**Instructions for the task**:
Stop at the line that contains "最后需要注意的是支付问题。对". Until then, set down each line of the records exactly, beginning with the first, and skip pictures.

Records drawn from a dataset:
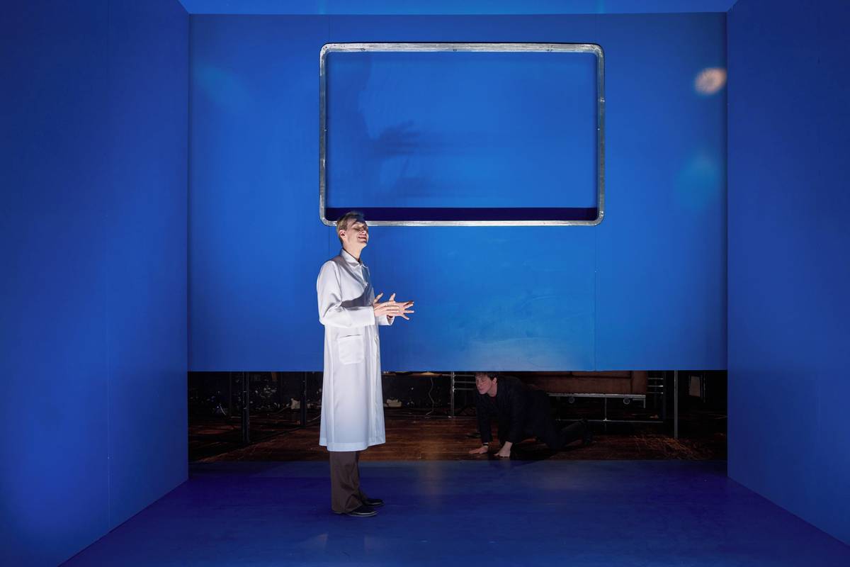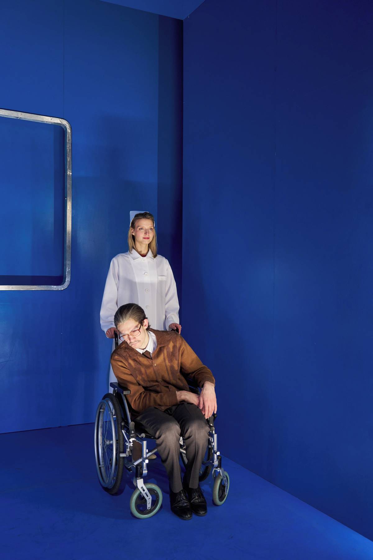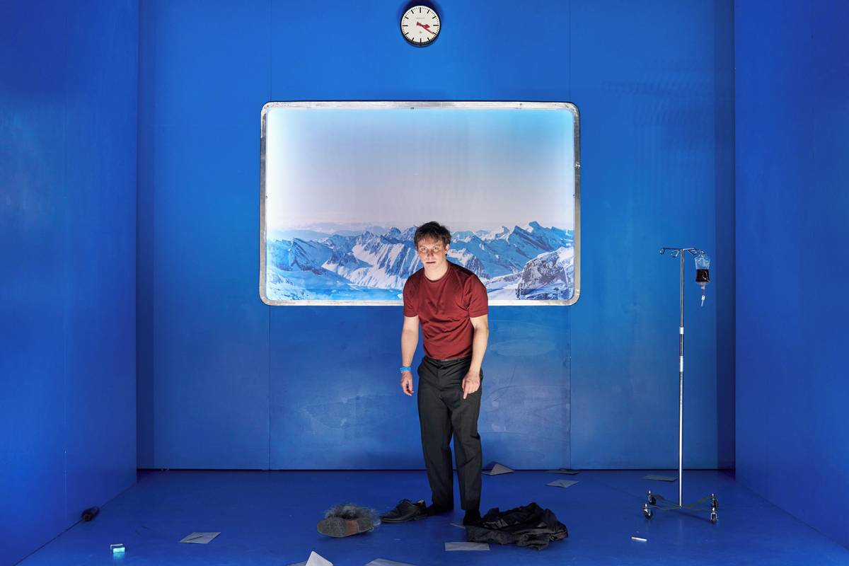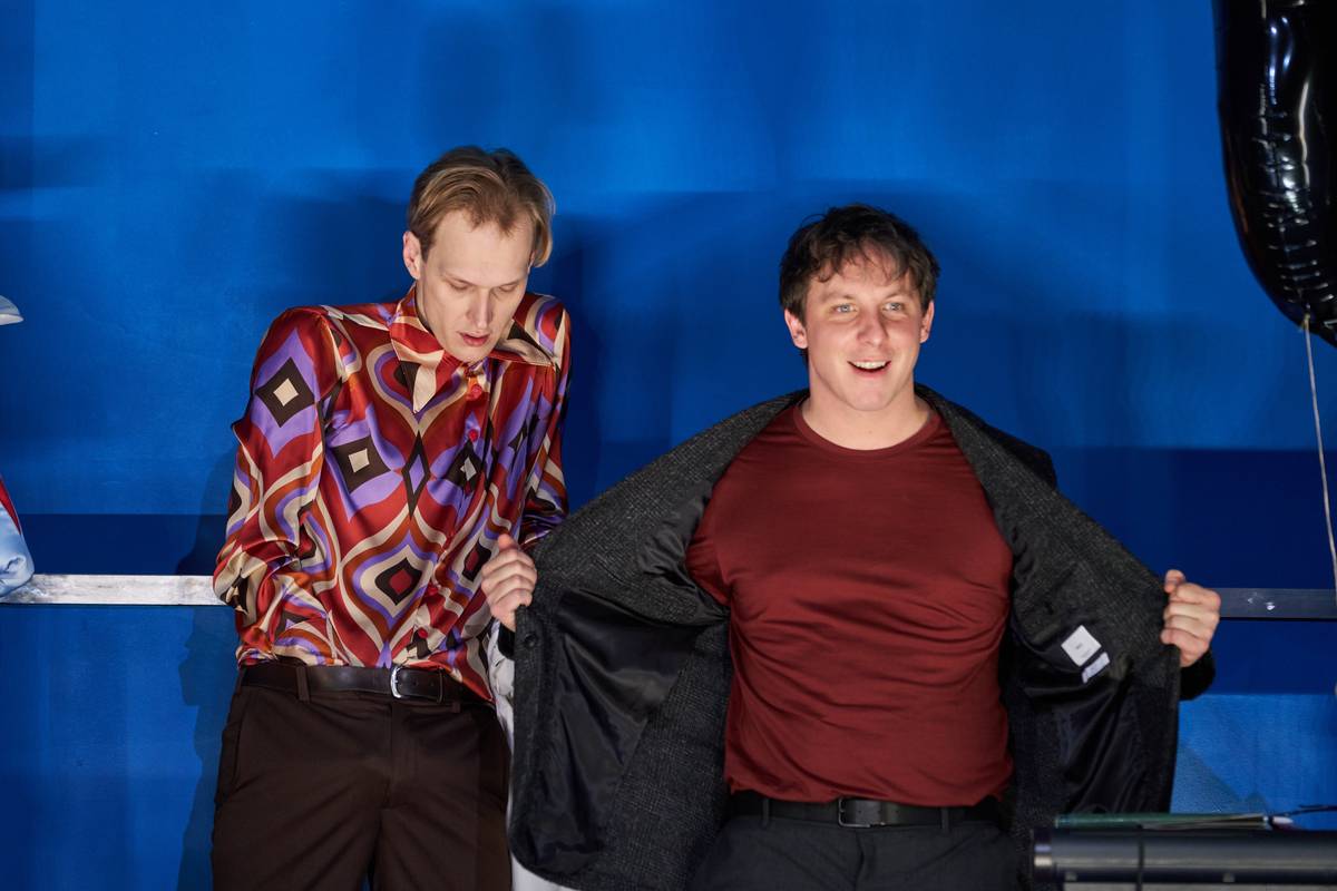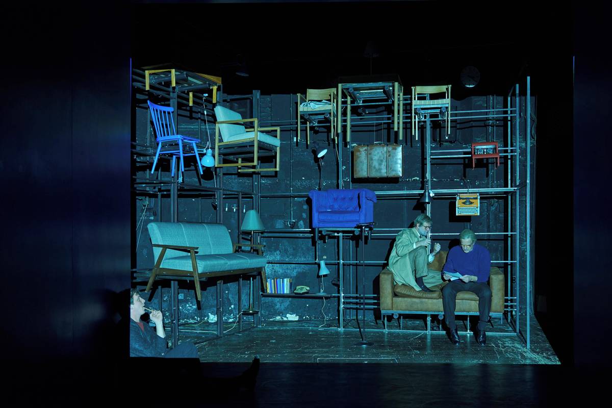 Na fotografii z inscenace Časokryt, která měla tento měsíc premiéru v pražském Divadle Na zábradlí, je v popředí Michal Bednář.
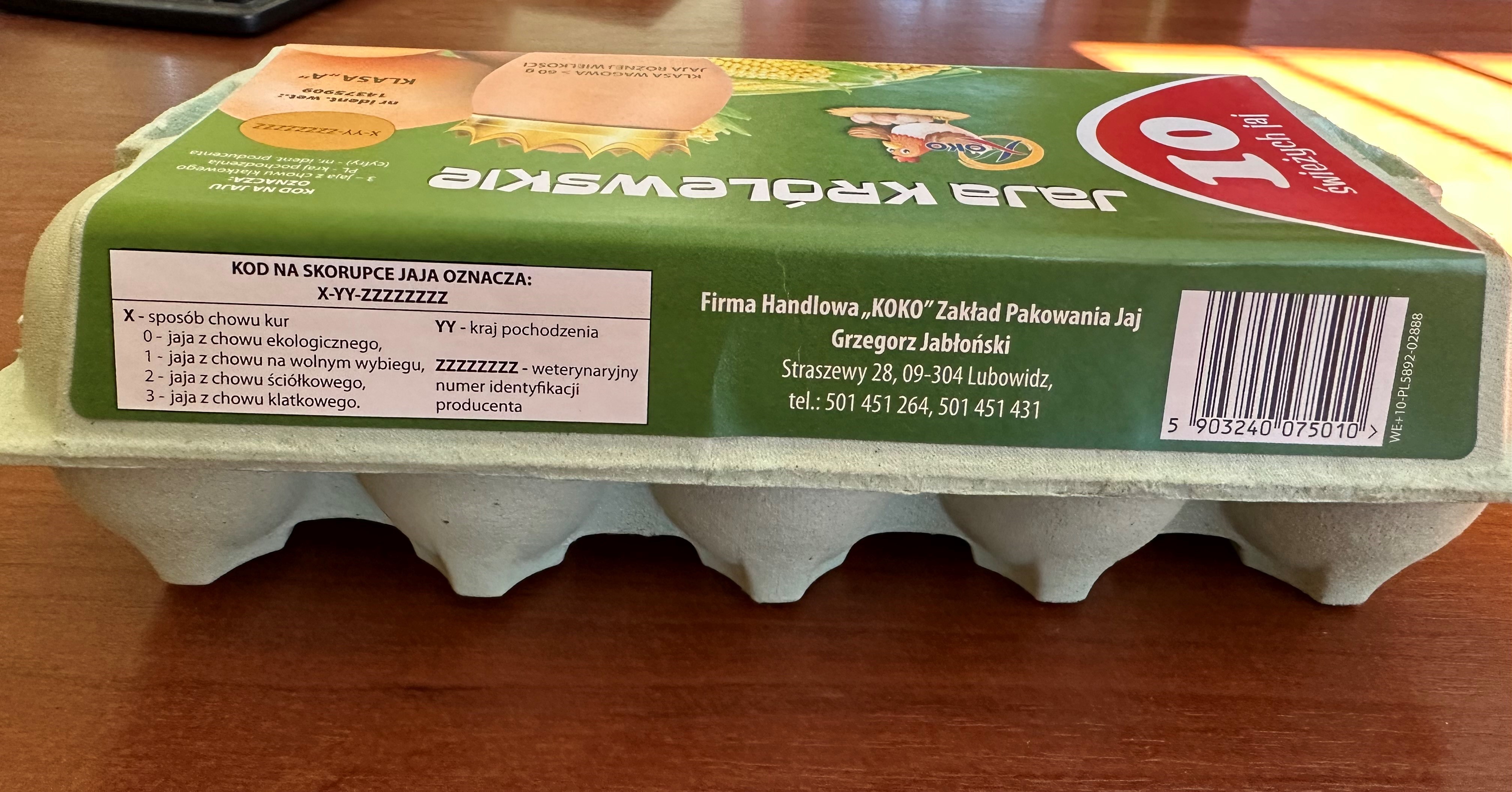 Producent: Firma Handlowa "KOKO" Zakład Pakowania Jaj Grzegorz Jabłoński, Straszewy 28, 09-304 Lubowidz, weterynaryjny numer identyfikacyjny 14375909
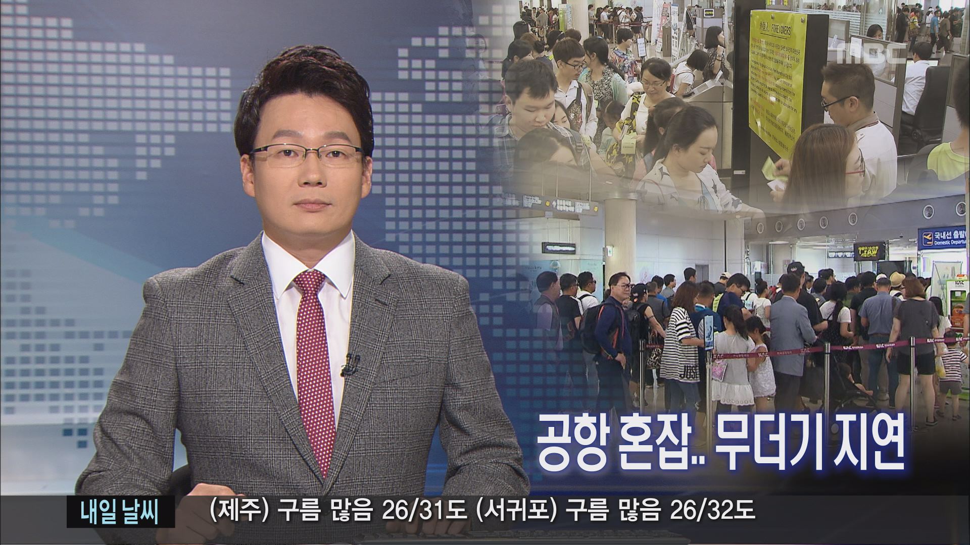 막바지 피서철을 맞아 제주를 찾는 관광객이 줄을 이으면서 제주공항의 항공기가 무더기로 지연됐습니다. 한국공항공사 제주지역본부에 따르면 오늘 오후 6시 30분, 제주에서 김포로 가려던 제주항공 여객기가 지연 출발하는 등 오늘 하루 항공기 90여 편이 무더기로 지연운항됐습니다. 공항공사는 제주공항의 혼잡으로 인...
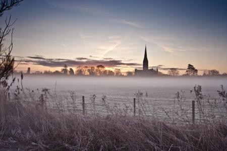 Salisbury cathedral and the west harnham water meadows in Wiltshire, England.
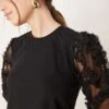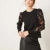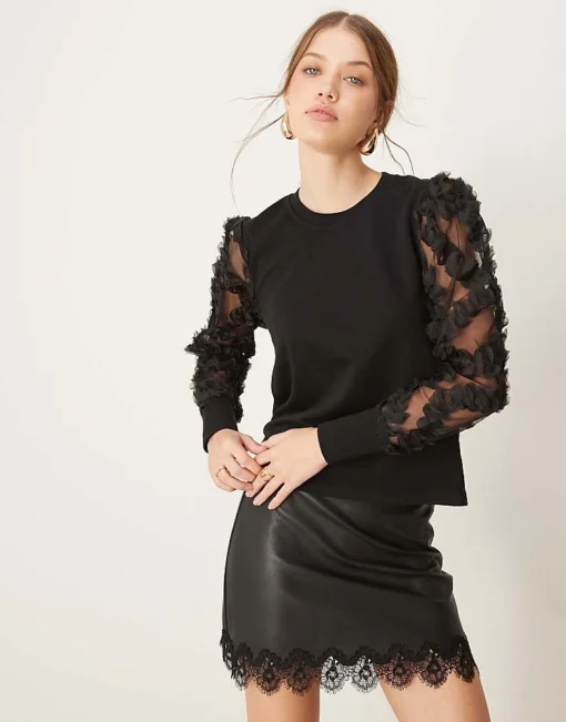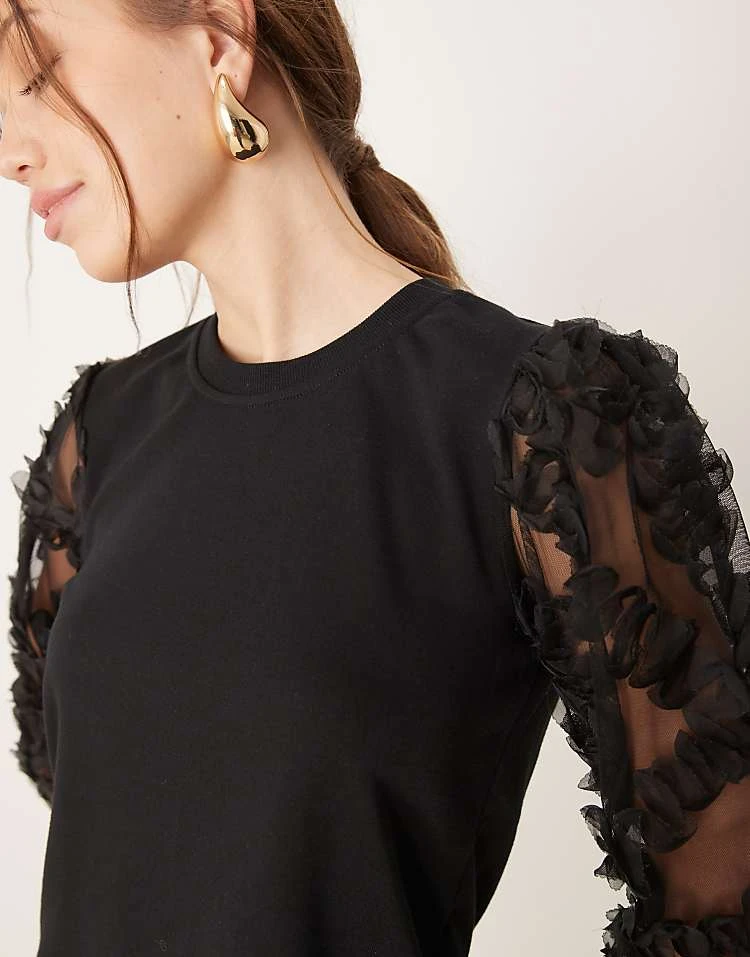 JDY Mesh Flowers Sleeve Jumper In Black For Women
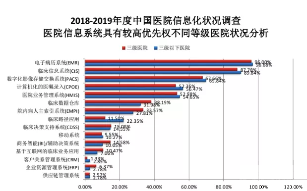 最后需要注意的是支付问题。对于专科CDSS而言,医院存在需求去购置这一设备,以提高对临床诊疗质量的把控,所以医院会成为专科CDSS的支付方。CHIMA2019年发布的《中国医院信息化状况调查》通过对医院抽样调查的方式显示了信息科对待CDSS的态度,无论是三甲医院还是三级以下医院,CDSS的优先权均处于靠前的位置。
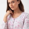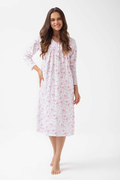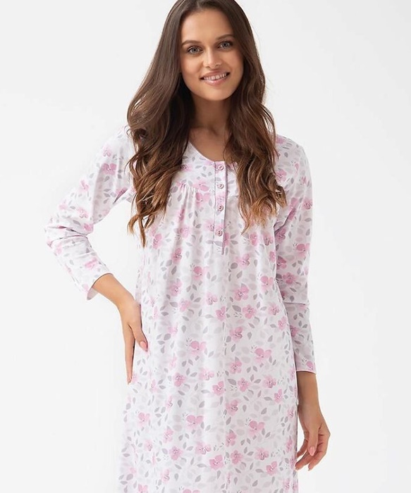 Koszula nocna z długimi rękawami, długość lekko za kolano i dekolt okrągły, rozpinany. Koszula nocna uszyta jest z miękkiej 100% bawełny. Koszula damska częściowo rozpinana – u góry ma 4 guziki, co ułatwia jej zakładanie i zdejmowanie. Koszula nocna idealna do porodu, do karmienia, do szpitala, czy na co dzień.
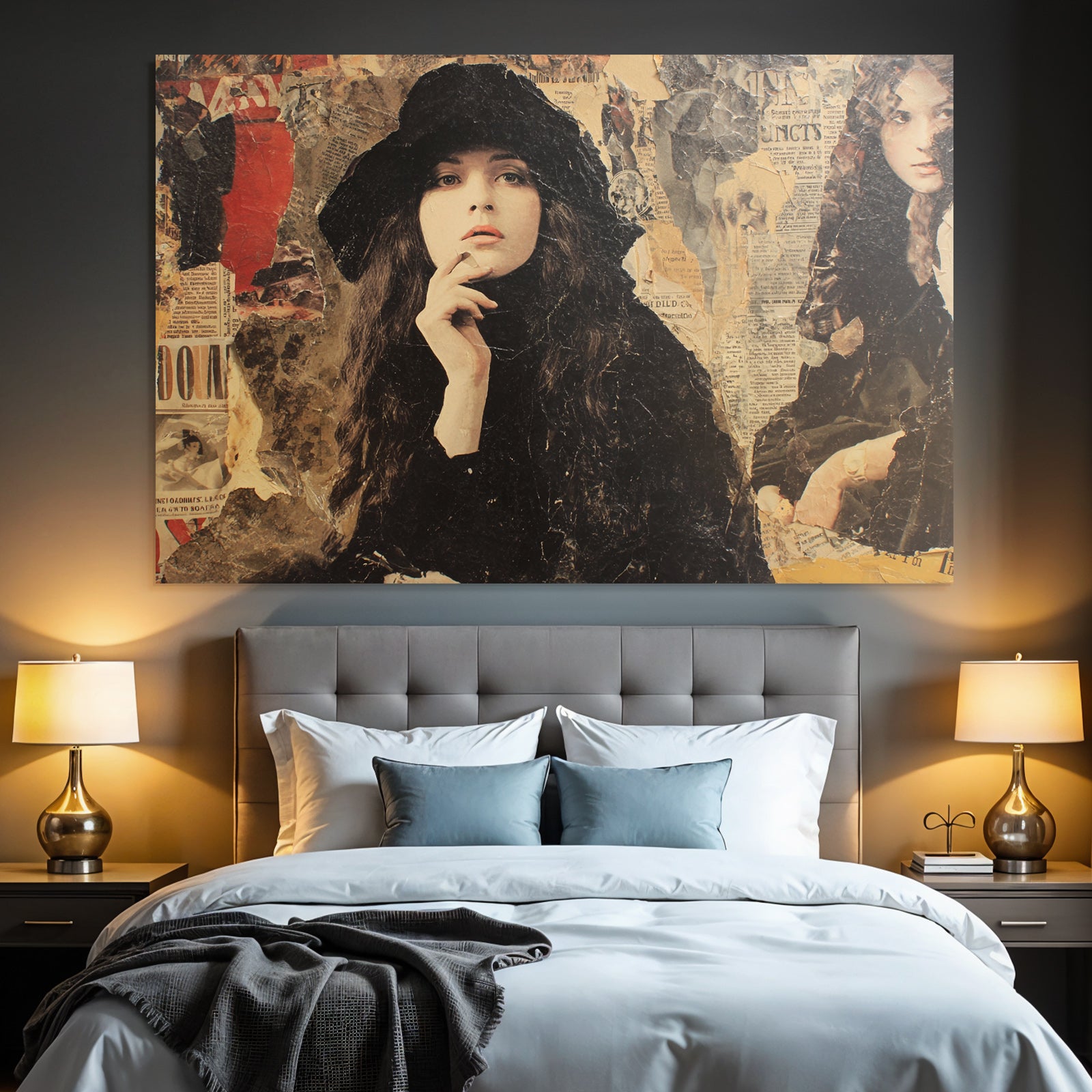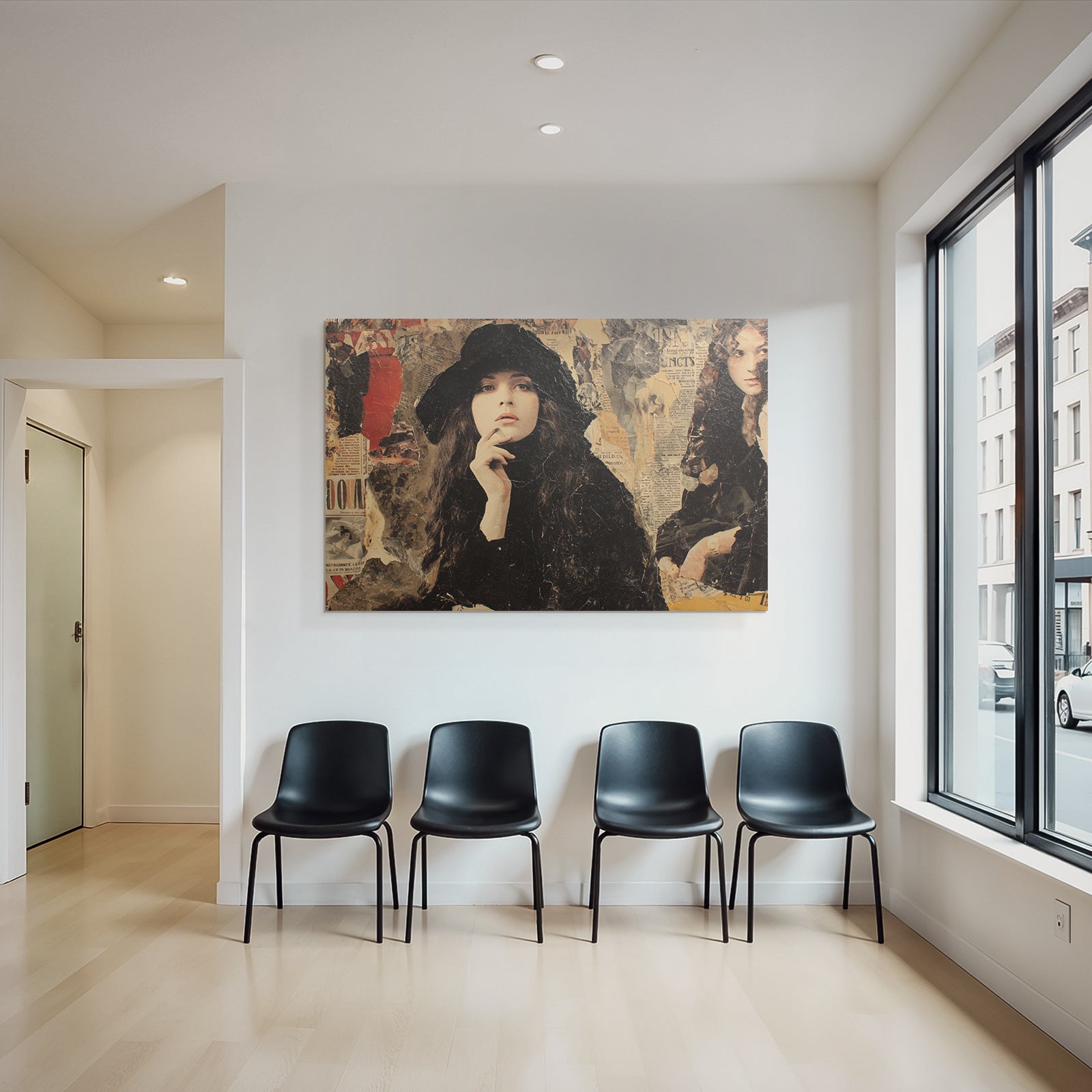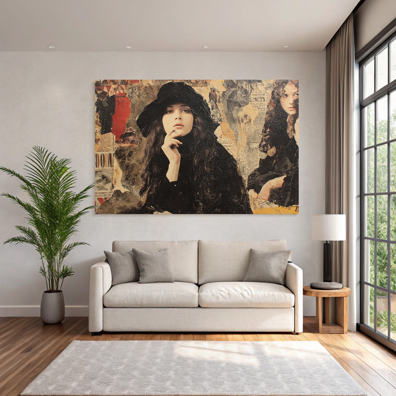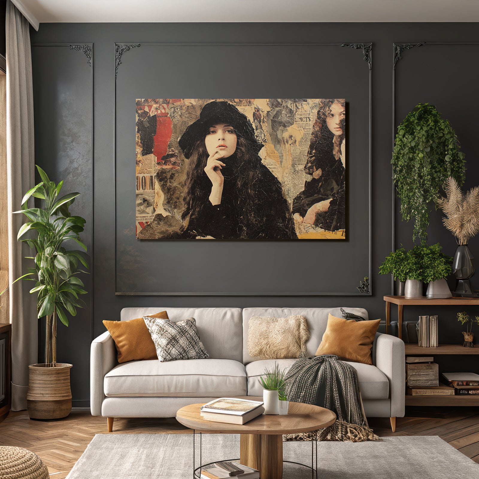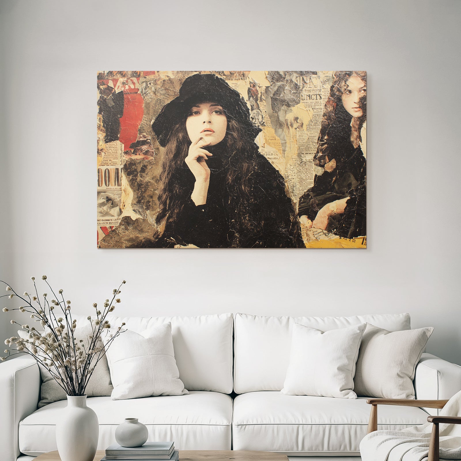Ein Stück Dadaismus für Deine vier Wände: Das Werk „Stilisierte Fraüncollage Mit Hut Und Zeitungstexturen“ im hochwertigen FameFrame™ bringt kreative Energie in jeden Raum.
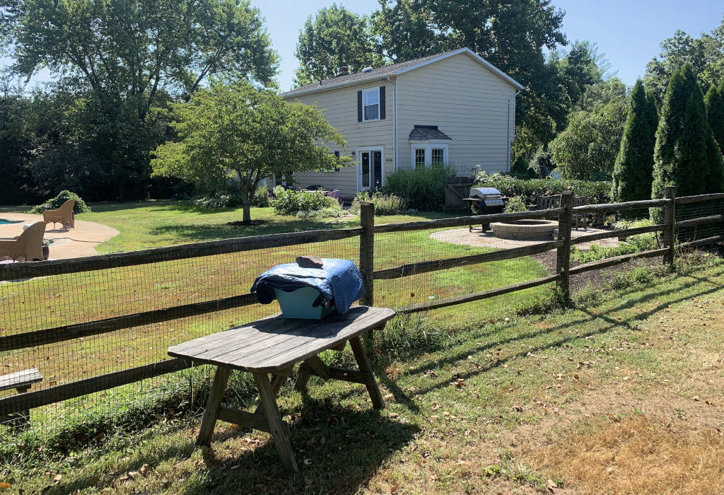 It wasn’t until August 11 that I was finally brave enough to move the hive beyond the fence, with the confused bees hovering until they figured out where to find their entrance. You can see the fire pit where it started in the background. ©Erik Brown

**Result below**:
 Na fotografii z inscenace Časokryt, která měla tento měsíc premiéru v pražském Divadle Na zábradlí, je v popředí Michal Bednář.
 Producent: Firma Handlowa "KOKO" Zakład Pakowania Jaj Grzegorz Jabłoński, Straszewy 28, 09-304 Lubowidz, weterynaryjny numer identyfikacyjny 14375909
 막바지 피서철을 맞아 제주를 찾는 관광객이 줄을 이으면서 제주공항의 항공기가 무더기로 지연됐습니다. 한국공항공사 제주지역본부에 따르면 오늘 오후 6시 30분, 제주에서 김포로 가려던 제주항공 여객기가 지연 출발하는 등 오늘 하루 항공기 90여 편이 무더기로 지연운항됐습니다. 공항공사는 제주공항의 혼잡으로 인...
 Salisbury cathedral and the west harnham water meadows in Wiltshire, England.
 JDY Mesh Flowers Sleeve Jumper In Black For Women
 最后需要注意的是支付问题。对于专科CDSS而言,医院存在需求去购置这一设备,以提高对临床诊疗质量的把控,所以医院会成为专科CDSS的支付方。CHIMA2019年发布的《中国医院信息化状况调查》通过对医院抽样调查的方式显示了信息科对待CDSS的态度,无论是三甲医院还是三级以下医院,CDSS的优先权均处于靠前的位置。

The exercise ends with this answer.